- Box art featuring Kevin Durant
- Developer: EA Canada
- Publisher: EA Sports
- Series: NBA Live
- Platform: iOS
- Release: November 5, 2010
- Genre: Sports
- Modes: Single-player, multiplayer

= NBA Elite 11 =

2010 basketball video game

NBA Elite 11 is a basketball mobile game released by Electronic Arts (EA) for iOS in November 2010. It is the seventeenth installment in EA's NBA Live series and the only to bear the NBA Elite name. It features Kevin Durant of the Oklahoma City Thunder on the cover.

A release of the game for the PlayStation 3 and Xbox 360 was scheduled for October 5, 2010, but both versions were cancelled shortly before release, with some copies escaping into consumer hands. Previously, a download code for NBA Jam was to be included with copies of Xbox 360 and PS3 versions of NBA Elite 11, but NBA Jam was subsequently released as a standalone game for both systems and the Wii.

==Features==
Controls were retooled to primarily use the right analog stick for actions such as shooting. These actions added difficulty for simple moves like layups while reducing difficulty for three-point shots. Dribbling and shooting controls were also modified, and new animations were created for certain actions.
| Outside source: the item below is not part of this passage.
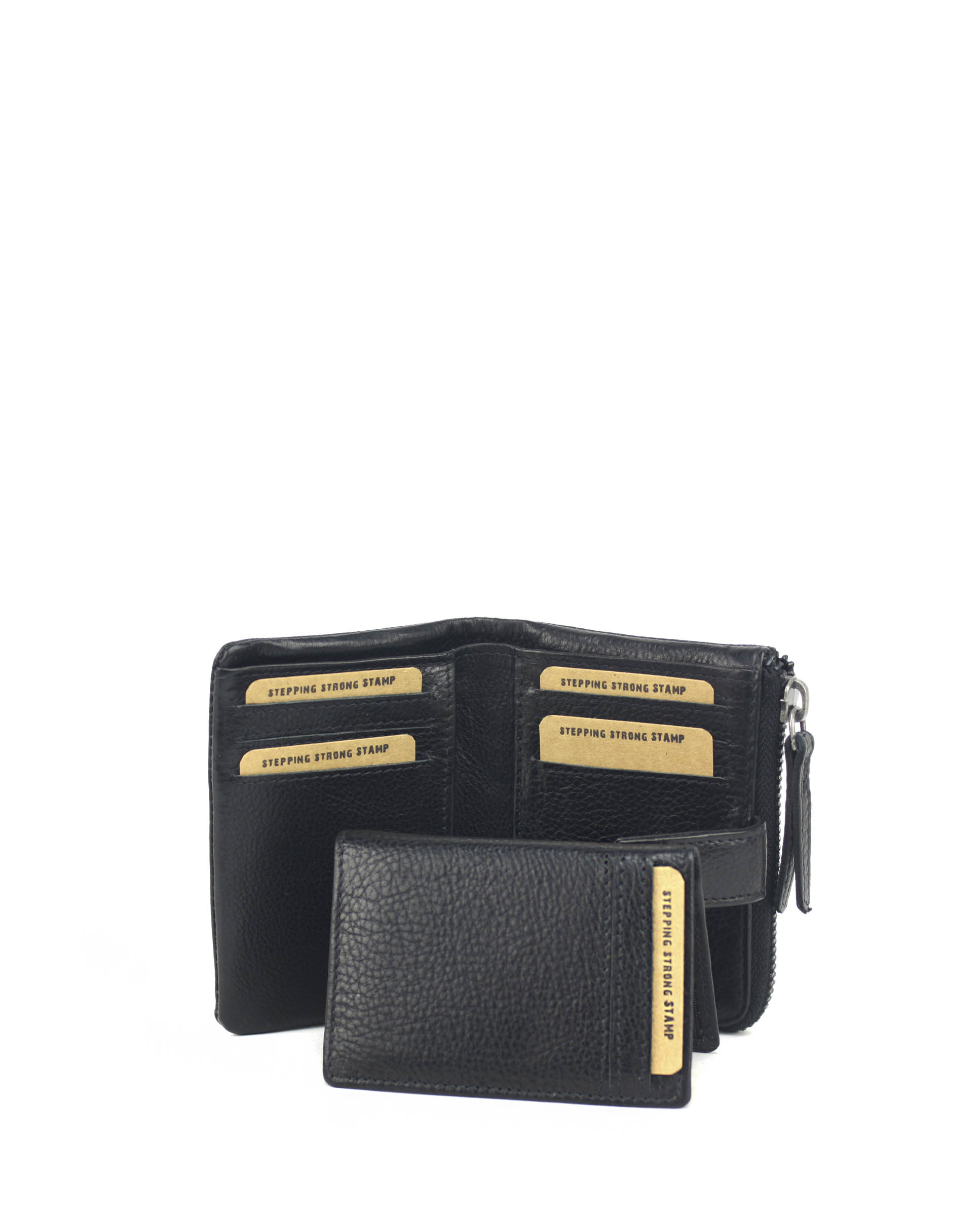 Cartera pequeña de mujer en piel lavada ST32001 Chara negra

NBA Live 10 commentators Marv Albert and Steve Kerr were replaced by the ESPN crew of Mark Jackson, Jeff Van Gundy, and Mike Breen.

The game was to feature the debut of "Become Legendary Mode", a single-player career mode similar to "Be a Pro Mode" in NHL and FIFA and "Superstar Mode" in the Madden games.

The iOS version features a 3-point shootout mode, season mode, playoff mode, and play mode.

The game's soundtrack was produced by 9th Wonder and rapper J. Cole and was going to include the song "The Plan."

==Cancelled Xbox 360 and PlayStation 3 versions==
Developers of the Xbox 360 and PlayStation 3 versions aimed to completely change the game's control system but were pressed for time with an 18-month development cycle. A demo released during development was plagued with glitches that were heavily publicized, including one YouTube video of player Andrew Bynum stuck in the middle of the court in the model's T-pose. Another glitch involved Luol Deng, whose character had a "hotspot" from the left baseline from which he almost never missed. Developers were aware of an animation bug but intended to fix it before release. After internal review of the game, EA deemed its quality poor and cancelled it.

Copies of these versions that entered circulation are considered rare collector's items.